The grant will fund a UWA Division of Economic and Workforce Development initiative known as LINCS: Leveraging Interconnected Networks for Change and Sustainability.  LINCS is designed to help develop a regional workforce based on industry-recognized standards, credentials and identified needs in order to strengthen the economy and skill levels in a 10-county west Alabama rural region.
 “We are grateful for the many partners who have come together to assist UWA with the development of the LINCS proposal,” said Dr. Tina Jones, vice president of the UWA Division of Economic and Workforce Development. “By tapping into existing workforce systems that have a proven record of success, our goal is to address current barriers and gaps in the workforce pipeline.”

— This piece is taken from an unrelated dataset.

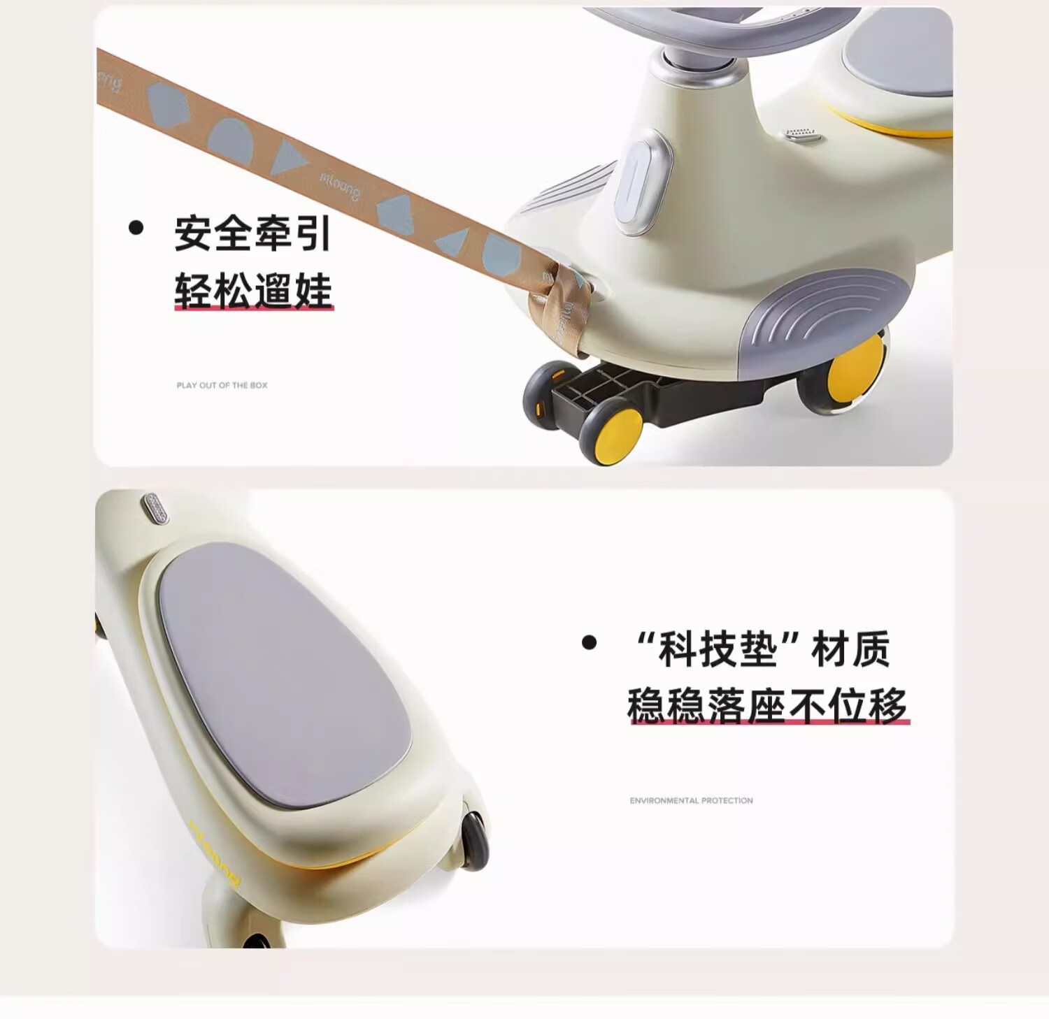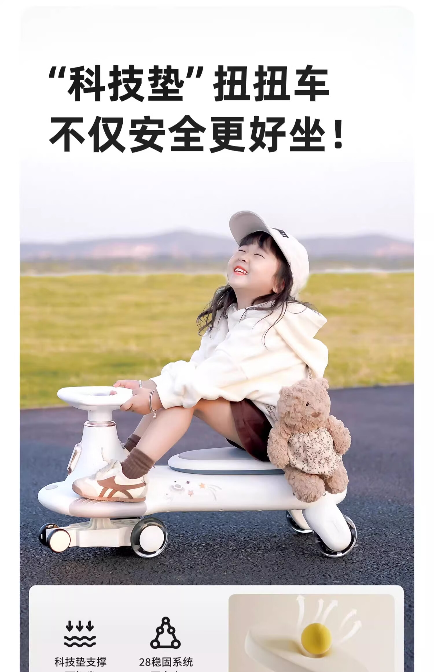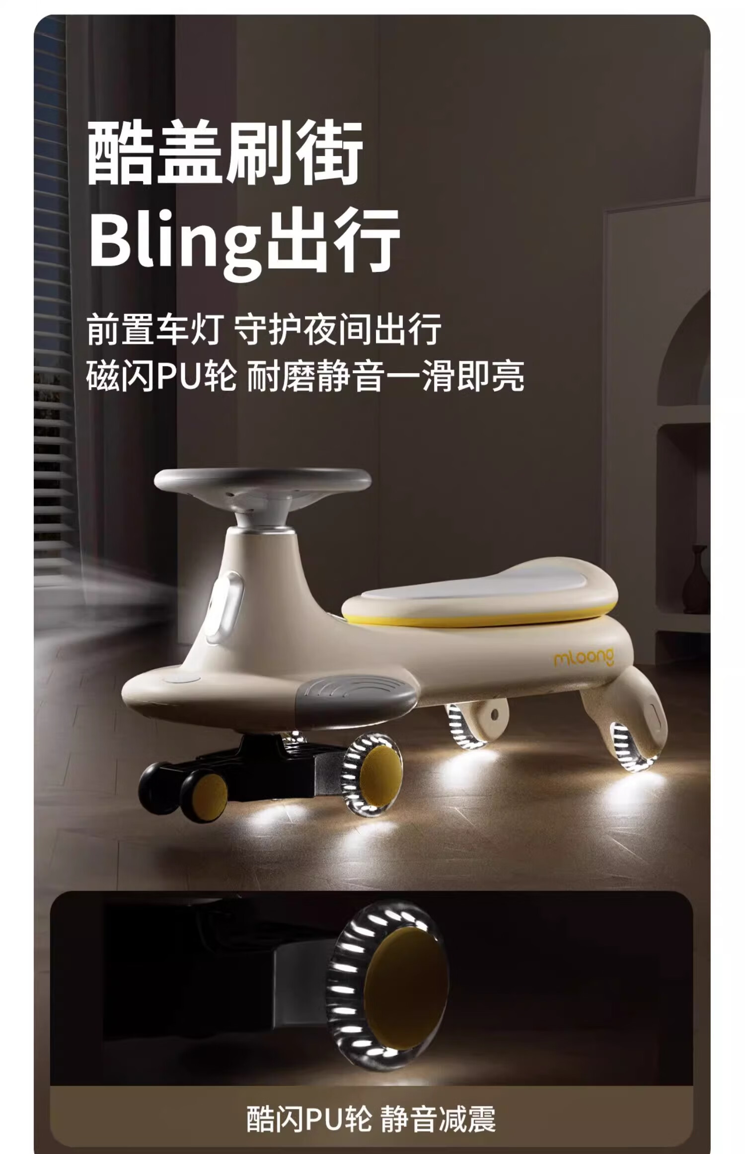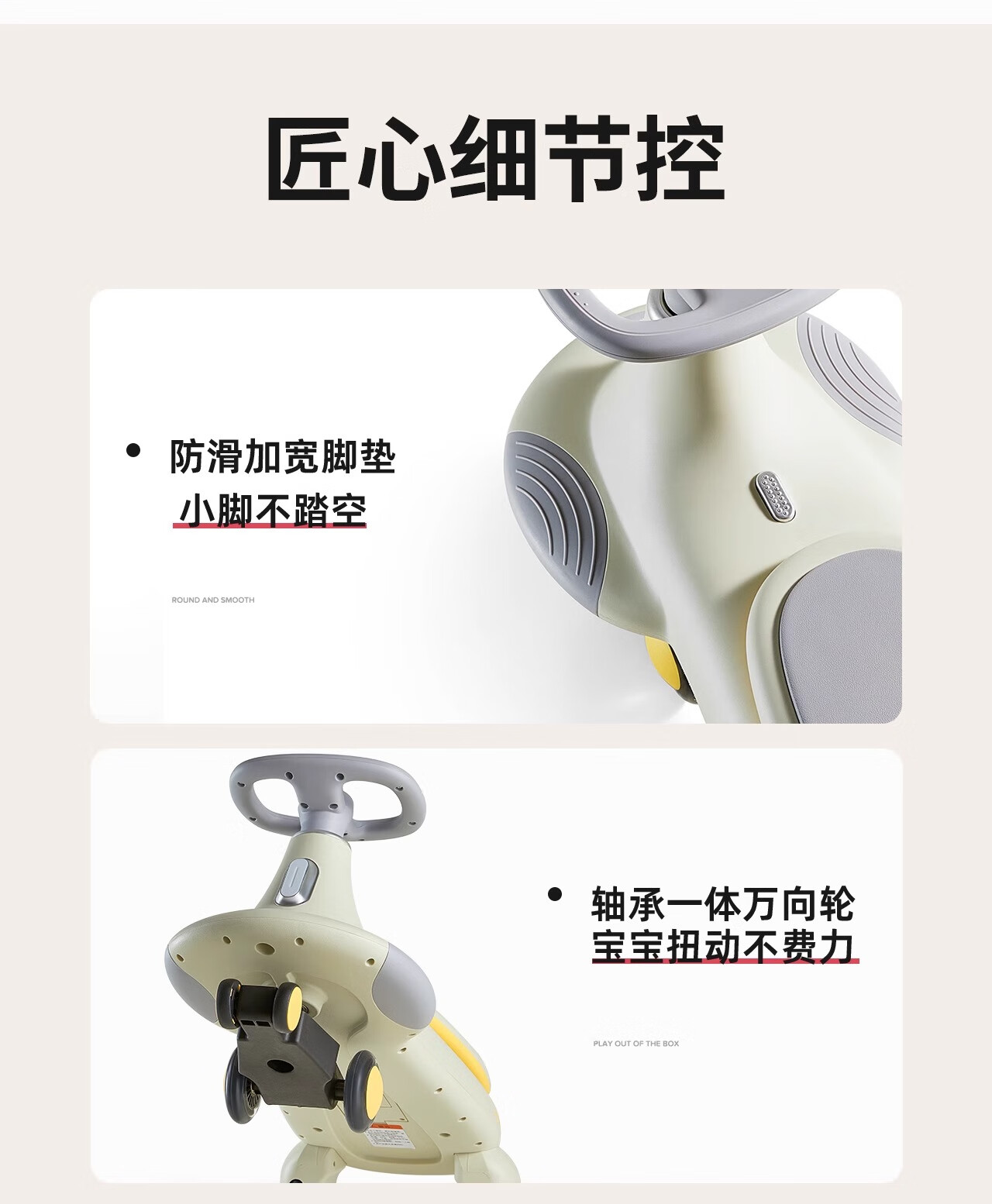 曼龙扭扭车1-3-6岁防侧翻大人可坐儿童溜溜车音乐摇摇车 莫奈灰

 “We want to improve remote delivery and access to relevant workforce training in our rural areas, strengthen connections to employment opportunities, and yield a workforce ready to step into Alabama’s growing advanced manufacturing environment,” Jones said.
 “We believe that offering customized, economic-responsive curricula designed around the needs of regional commerce through a University-industry partnership will help create a region rich in jobs, with better educated citizens earning more at their jobs, thereby improving lifestyles and bringing in more resources for our region and the State,” Jones explained.
The stated goal of the LINCS project is to increase advanced manufacturing employment skill sets in the underserved rural counties of west Alabama. The awarded grant will implement a three-pronged approach to address current barriers and gaps in the workforce pipeline in collaboration with other existing agencies and employer-driven organizations.  These include: 1) development of employer-driven curriculum and fast-track certificate programs; 2) recruitment and placement of new entrants into the workforce and promotion of incumbent workers to retain or advance current employment; and 3) establishment and expansion of rural apprenticeship initiatives.
LINCS will be designed to be a customized development program in advanced manufacturing skills and technologies in concert with existing partners, employers, and stakeholders.  The project will: 1) fill identified gaps by connecting all levels of education and skills with training and employment opportunities; 2) increase accessibility to training; 3) deliver a better prepared workforce; and 4) provide systemic change yielding a higher level of economic impact for the region.
 “This is collaborative effort built on partnerships,” Jones said.  “We are excited that UWA will be joined by major industry groups, and key essential workforce development groups throughout the region and Alabama to make LINCS a reality, including existing regional workforce development councils such as West Alabama Works, Central Alabama Works and Southwest Alabama Works.”